Вот. Вот оно. Каждые несколько минут река словно выдыхала, и на короткое мгновение, не более минуты, образовывалась дрожащая, ненадёжная цепочка из относительно стабильных, крупных льдин, идущих почти вплотную друг к другу. Ненадежный, ежесекундно меняющийся мост, перекинутый от одного берега к другому. Он возникал из хаоса, существовал мгновение, а потом снова рассыпался, уносимый потоком, сменяясь новым, совершенно иным узором льда и воды.
Нужно было лишь выбрать правильный момент. И не ошибиться. Цена ошибки была проста и очевидна – ледяная вода, которая убьёт за три минуты, или многотонная льдина, которая раздавит, как скорлупу ореха, не заметив.

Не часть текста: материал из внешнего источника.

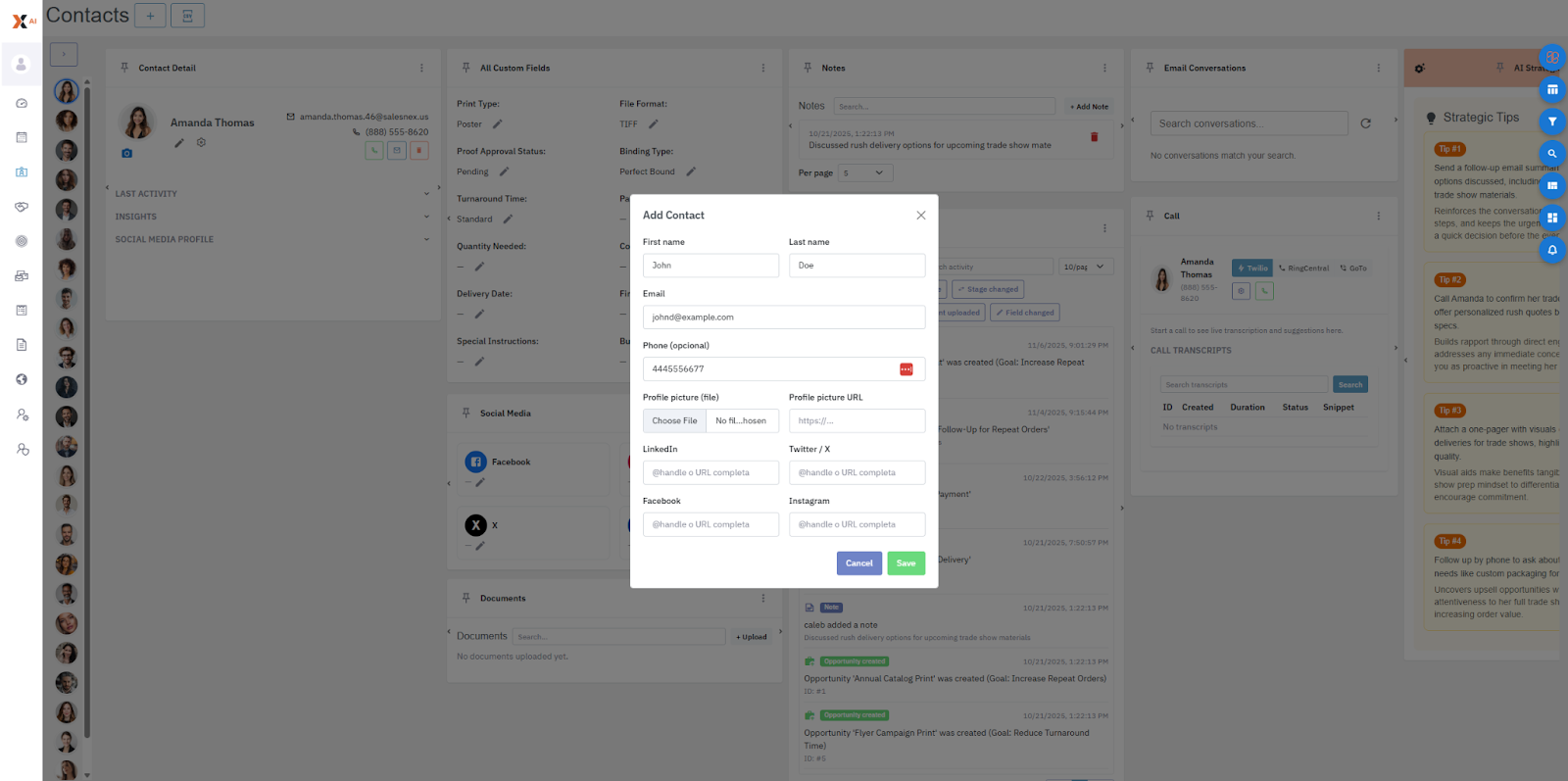 - Bulk imports: To add multiple contacts at once, see Importing Contacts into SalesNexus.

Да, благодаря жизни в сырой пещере на склоне Кайласа и практике внутреннего огня, я, быть может, и продержусь в этой ледяной каше на несколько минут дольше обычного человека. Сердце не остановится от шока, кровь не замёрзнет мгновенно. Я смогу бороться, цепляться за жизнь ещё пять, может, даже десять минут. Но какой в этом смысл, если у меня не будет ни единого шанса против неумолимой физики этого потока, против многотонных ледяных полей, скрежещущих и трущихся друг о друга с силой гидравлического пресса?
Никакой внутренний огонь не спасёт от столкновения с глыбой размером с дом. Итог будет один – быстрый и бесславный. Меня просто зажмёт между двумя такими махинами, и от тела Великого князя Ивана свет Васильевича останется лишь мокрое, расплющенное пятно. Кровавая клякса на белом льду, которую тут же смоет бурлящая вода.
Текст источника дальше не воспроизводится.